The IHM-dictionary thus provides a comprehensive set of standardized definitions for representing multi-scale, multi-state, and ordered ensembles of complex macromolecular assemblies. The dictionary has been developed using diverse sets of examples and requirements gathered from the integrative modeling community. Collaborative tools provided by the GitHub platform have been used effectively to gather feedback from the scientific community regarding the definitions in the IHM-dictionary and incorporate their recommendations.

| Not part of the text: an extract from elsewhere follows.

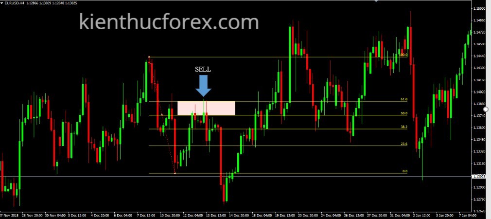 Bước 5: Vùng 50-61,8 của Fibo chính là vùng dự đoán sẽ tạo ra đỉnh mới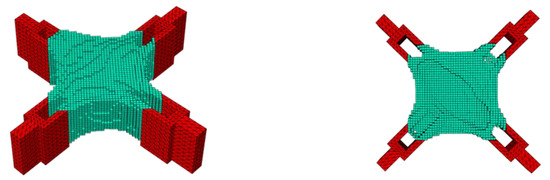 When the BESO algorithm was combined with the finite element software, in order to ensure the two-way addition and deletion of elements, the deleted and retained elements were divided into two material sets: set-1 and set-2, respectively. Therefore, the part of the unit set that needed to be deleted was still retained in the final optimization result model. The method used in this paper needed to extract the optimized results from the INP file after optimization.

Representation of NMR restraints

The contents of the PDBx/mmCIF dictionary (Fitzgerald et al. 2005; Westbrook 2013) grew from a core set of mmCIF definitions describing macromolecular structure and the X-ray diffraction experiment to its current scope through an incremental process of building compatible content extensions (e.g., NMR and 3DEM) in collaboration with community specialists. The development of the IHM-dictionary has followed a similar path by integrating existing definitions in the PDBx/mmCIF dictionary and compatible community extension dictionaries. For example, the IHM-dictionary takes advantage of an existing data dictionary developed to facilitate the programmatic exchange of NMR restraint data, the NEF dictionary (Gutmanas et al. 2015). The IHM-dictionary does not include new definitions for NMR restraints. Rather, definitions from the NEF dictionary are reused to describe NMR restraints used in integrative models.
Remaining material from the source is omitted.